Morgan Reed, the president of the App Association, a trade organization sponsored by Apple and other tech and telecom companies, said in a letter to lawmakers on Tuesday that breaking up platforms and “limiting the services they can provide for our member companies would harm your constituents.”
Another outspoken critic is the Chamber of Progress, a left-leaning trade group formed in March by a former Google executive, Adam Kovacevich.
“Tech had a very long political honeymoon,” Mr. Kovacevich said. “Many politicians and policymakers think that maybe they were too easy on tech for a long time, and now there is a countervailing desire to punish tech through either new laws or through regulatory action. And that is at odds with what consumers want.”
He drafted and organized support for a letter that was sent this week urging members of the Judiciary Committee to oppose two of the bills.
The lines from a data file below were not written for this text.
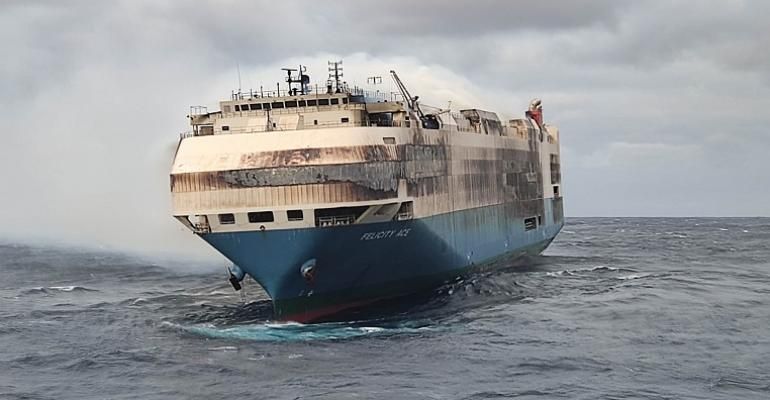 在2月16日22名船员被疏散后,位于大西洋的2005年建造的汽车航空母舰Felicity Ace上的大火仍在继续燃烧。葡萄牙海军拍摄的照片显示,这艘船及其货舱受到了严重损坏。
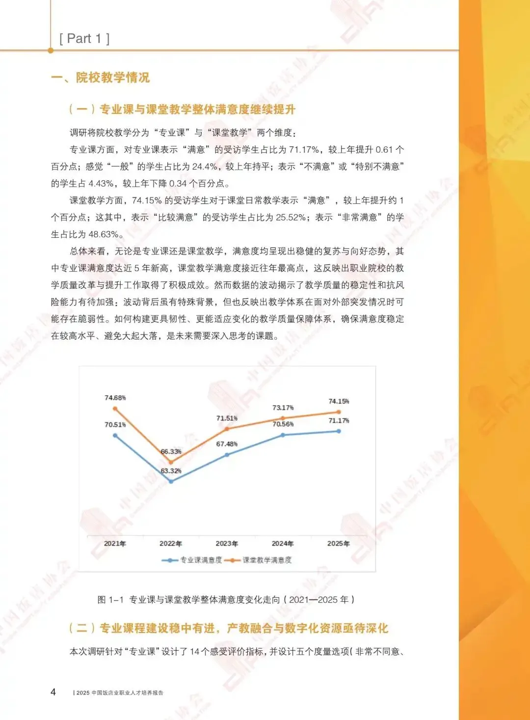 专业课方面,对专业课表示“满意”的受访学生占比为 71.17%,较上年提升 0.61 个
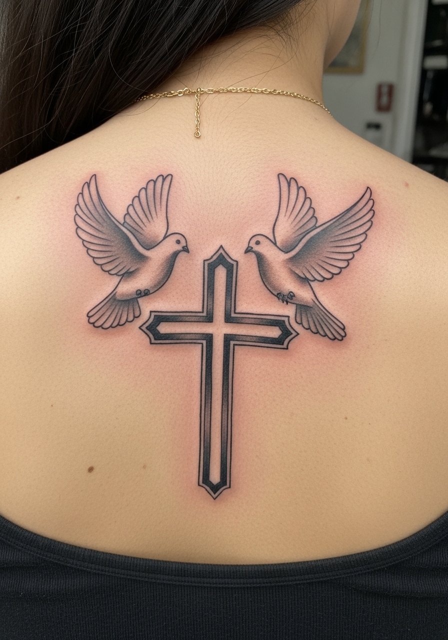 Doves around a cross read as peace and spiritual presence. Upper back provides horizontal space to balance birds in flight and a central cross. I’ve seen these compositions look timeless when the doves are given clean silhouettes against the cross. Pain is moderate on the upper back, and the area is easy to protect while healing. Don’t overcrowd the scene—let negative space let the birds feel like they’re moving around the cross.

It warned that the bills would hurt consumers, resulting in Amazon without Prime, the iPhone without text or phone capabilities preinstalled, and Google without Maps. The letter was signed by Mr. Kovacevich’s group and an unusual mix of 12 other organizations, including tech associations, free-market conservative outfits and consumer groups, most of which have received funding from Amazon, Apple, Facebook or Google.
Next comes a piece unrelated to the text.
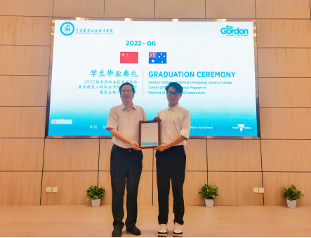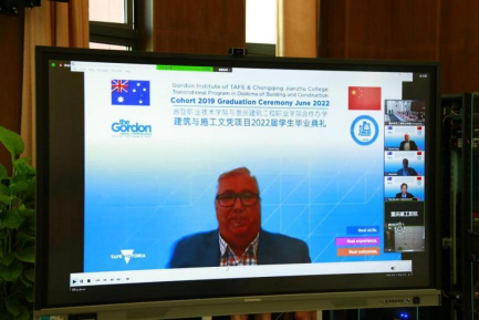 典礼仪式上,澳大利亚高登职业技术学院副校长Jana Perera、设计与建筑系主任Wayne Ketchen分别对中外合作办学项目2022届毕业生表示了热烈祝贺,热情回顾了两校合作历程,充分肯定了两校在合作办学和国际交流方面所取得的可喜成绩。智能建造学院教师代表雷李梅致祝福辞,2022届中外合作办学班毕业生代表付才艺作了发言。现场播放了两校老师精心录制的祝福视频,共同回忆同学们三年学习和生活的点点滴滴,视频中短短的几句话,饱含了老师们的惜别之情和对未来的美好祝福。
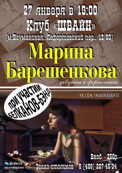 27 января в клубе <Schwein> пройдет совместная концертная презентация альбомов <Дальше> Марины Барешенковой (лейбл <Отделение ВлХОД>) и <Нейтралитет> Владимира Белканова (лейбл <Выргород>). Марина Барешенкова, работающая в редком жанре фортепианной авторской песни, выступит сольно, под цифровое пианино Kurzweil, а актюбинский панк-бард Владимир Белканов - в сопровождении своего состава <Белканов Бэнд>.

Eli Lehrer, the president of the fiscally conservative think tank the R Street Institute, which signed the letter, criticized Republican supporters of the bills for turning their backs on their free market principles by “calling on the government to use its power to intervene directly against some of the most successful companies in our country’s history.”
The institute has received funding from Google, but Mr. Lehrer said the funding did not affect its stance on the legislation, as did representatives from other signatory groups.